La deuxième et la troisième s'enfoncèrent dans la tête de la même goule. Elle s'effondra, immobile, semblant morte. Le feu avait probablement grillé la plupart de ses neurones, la tuant sans même nécessiter de décapitation.
La quatrième effleura la goule la plus proche. Celle‑ci tentait de prendre Siderius sur le flanc, par la zone non couverte par les flammes.
Malheureusement, son intention était découverte et elle fut repoussée. Mais son calvaire ne s'arrêtait pas là. Après avoir évité de justesse la flèche enflammée, la cinquième lui arriva droit dans la cage thoracique.
La flèche transperça tout son corps, la pointe d'obsidienne émergeant de l'autre côté, brûlant toujours d'un feu jaune intense. Le feu consuma la peau du dos de la goule, la faisant rouler au sol sans but. Elle tentait d'arracher la flèche ou d'éteindre la flamme.
La sixième atteignit l'aine d'une autre goule. Cela ne la tua pas, mais la fit se recroqueviller en boule, protégeant sa partie sensible au sol. Même transformée en mort‑vivant, la goule conservait sa faiblesse originelle.
Quinlan frémit de tout son corps en voyant le sort de cette pauvre goule.
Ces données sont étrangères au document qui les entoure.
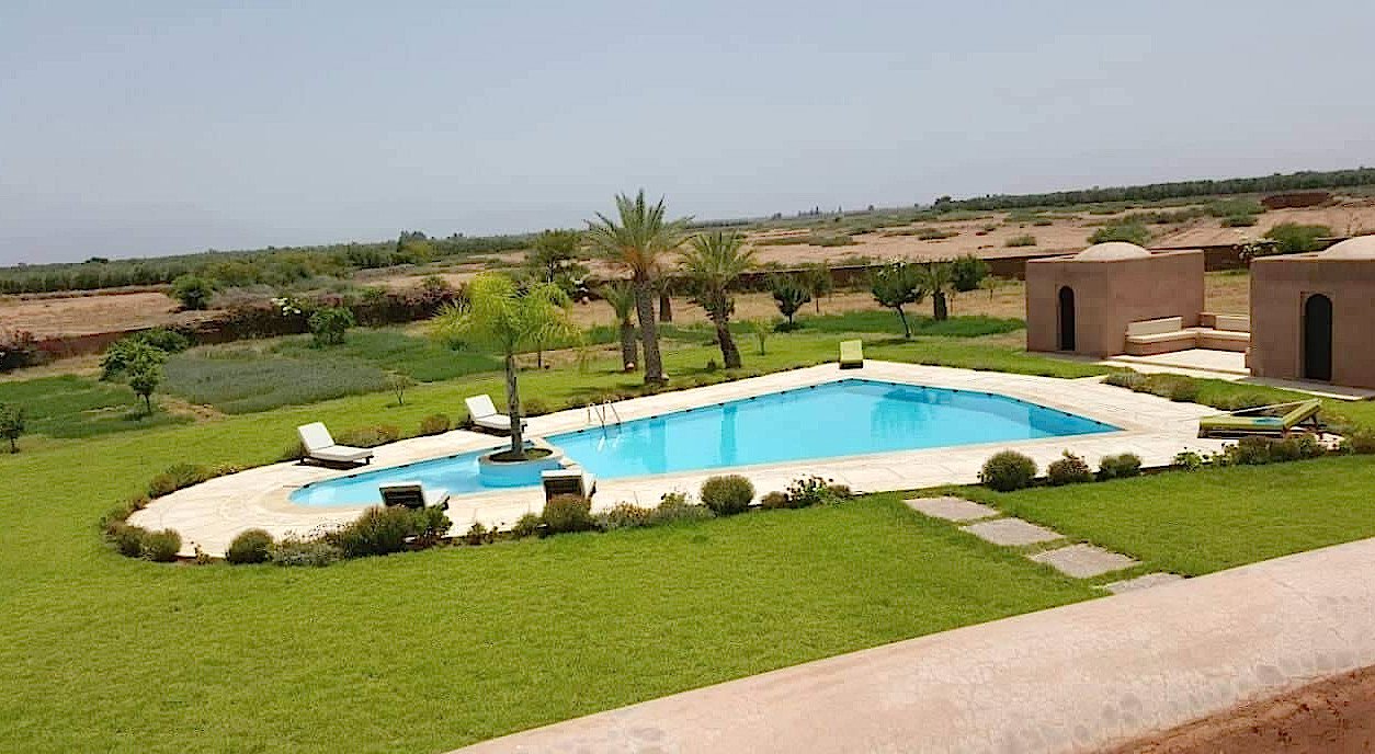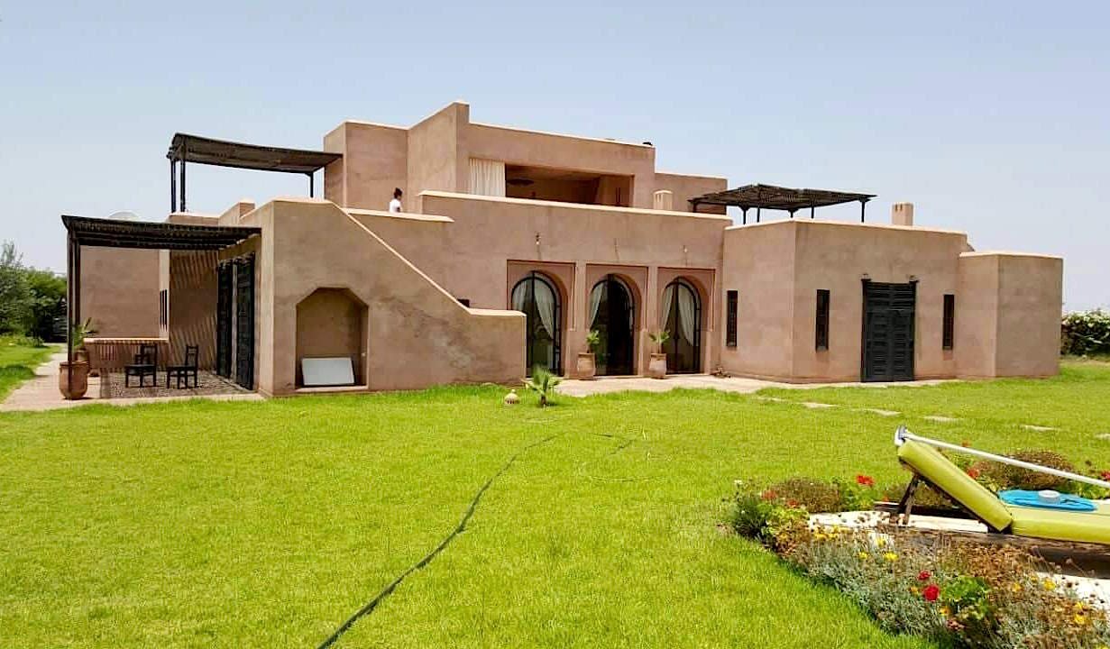 Magnifique Villa Meublée de 3 Chambres sur un grand jardin de 3500M² avec Piscine et Jardin privatifs situé à Sidi Abdellah Giat à 20 Km de Marrakech ; elle se compose de 3 Chambres Climatisée 2 Salon 1 Grande Cuisine équipée 3 SDB Jardin et Piscine 2 Chambres pour les Personnels LOYER 22.000 dh (hors chargees: gardien, entretien kardins et piscine)

La septième et la huitième brisèrent les genoux de la suivante. Elle s'aplatit au sol et continua de ramper vers le duo à l'aide de ses mains. Elle avait perdu la majeure partie de sa mobilité et ne représentait plus qu'une menace minime.
Les deux dernières goules foncèrent sur Siderius et Quinlan. Elles parvinrent à franchir le mur de feu.
Siderius jeta son arc au sol et tira son demi‑épée. L'arme n'avait plus que la moitié de sa longueur d'origine, mais restait plus longue que ses autres couteaux. C'était donc encore son arme principale.
Sa main gauche se crispa et fit apparaître le brassard d'argent.
Les deux goules se séparèrent, l'une attaquant Siderius, l'autre Quinlan.
Siderius n'avait pas le temps de veiller sur Quinlan. Il ne pouvait que se protéger lui‑même.
L'ennemi n'était plus un simple humain. C'était une goule, un mort‑vivant du royaume des Monstres.
Sa peau épaisse offrait une protection naturelle contre les épées et les armes tranchantes. Les armes d'estoc étaient les plus efficaces contre elle. Masse, marteau, fléau, etc.
Ses yeux jaunes luisants étaient une mutation naturelle lui conférant une forme de vision dans le noir.
Ses dents acérées contenaient une infime quantité de poison nécrotique, dangereux pour les gens ordinaires.
Tout cela obligeait Siderius à rester hyper concentré dans ce combat. Ce serait dommage qu'il meure face à une menace aussi faible qu'une goule.